▶ _WHAT IS REQUIRED_
Restate the listing below word for word. No picture belongs in the result.

▶ _MATERIAL PROVIDED_
_ _ _ _ _ _ _

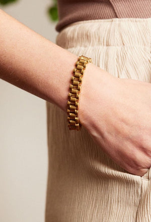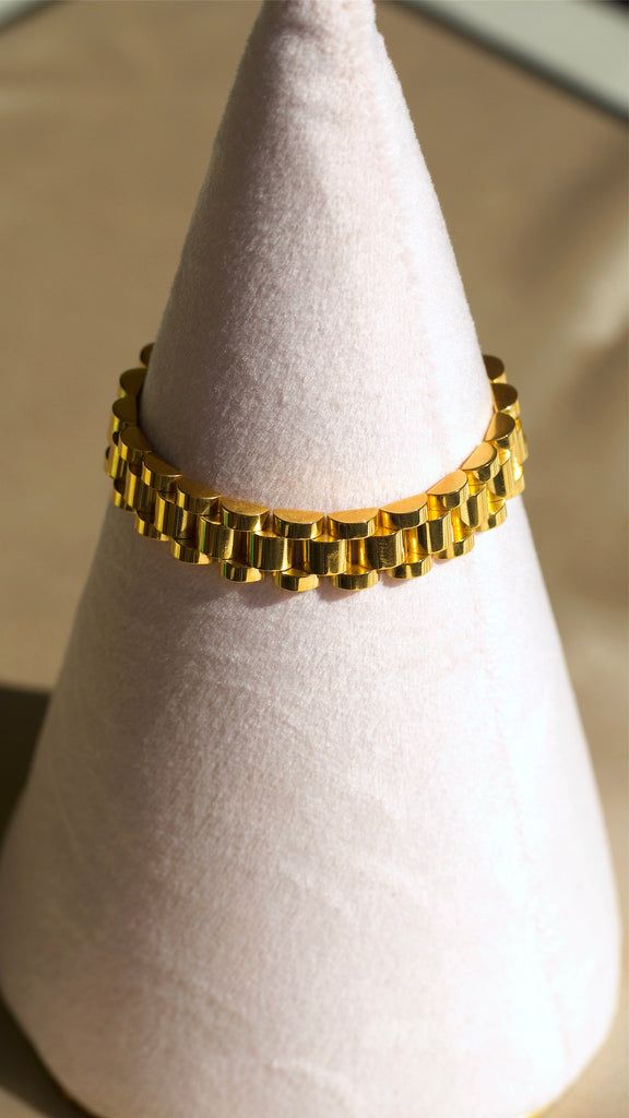 Rolex-style bracelet made from pure stainless steel with lasting shine. Wide, elegant, lightweight, and comfortable. Comes with a 6-month color and shine warranty.
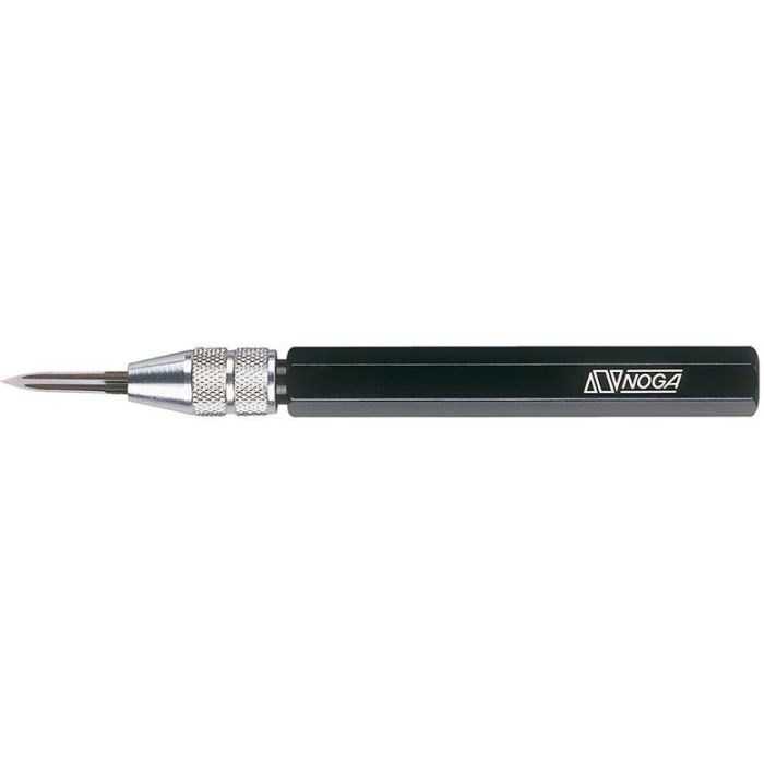 • Aluminium-6-kant-Griff (12 mm eloxiert) mit Spannmutter zur Einstellung der Klingenlänge
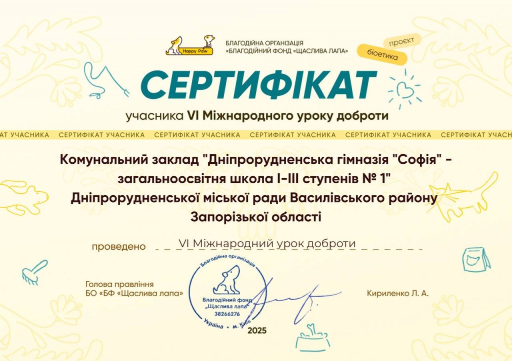 Доброта починається з нас! Учні та вчителі КЗ «Дніпрорудненська гімназія “Софія” – ЗОШ І–ІІІ ступенів № 1» із щирими серцями долучилися до VI Міжнародного уроку доброти, організованого благодійним фондом «Щаслива лапа» Цей урок — не просто про любов до тварин. Це про щирість, співчуття, турботу й уміння бачити світ очима добра Діти з натхненням…
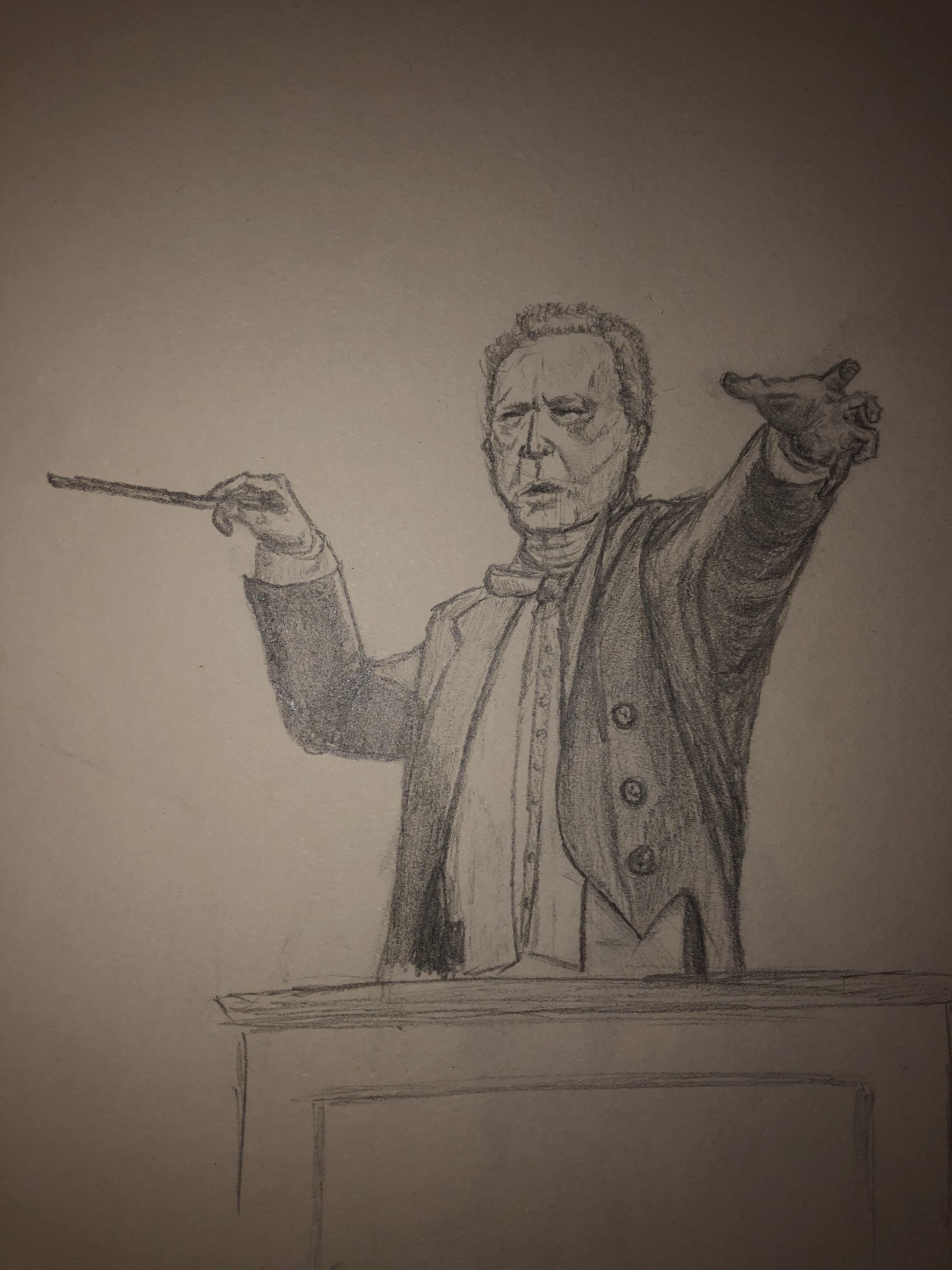 premium photo musical conductor hands ink black white drawing

_ _ _ _ _ _ _

▶ _RESULT OF THIS EXERCISE_
 Rolex-style bracelet made from pure stainless steel with lasting shine. Wide, elegant, lightweight, and comfortable. Comes with a 6-month color and shine warranty.
 • Aluminium-6-kant-Griff (12 mm eloxiert) mit Spannmutter zur Einstellung der Klingenlänge
 Доброта починається з нас! Учні та вчителі КЗ «Дніпрорудненська гімназія “Софія” – ЗОШ І–ІІІ ступенів № 1» із щирими серцями долучилися до VI Міжнародного уроку доброти, організованого благодійним фондом «Щаслива лапа» Цей урок — не просто про любов до тварин. Це про щирість, співчуття, турботу й уміння бачити світ очима добра Діти з натхненням…
 premium photo musical conductor hands ink black white drawing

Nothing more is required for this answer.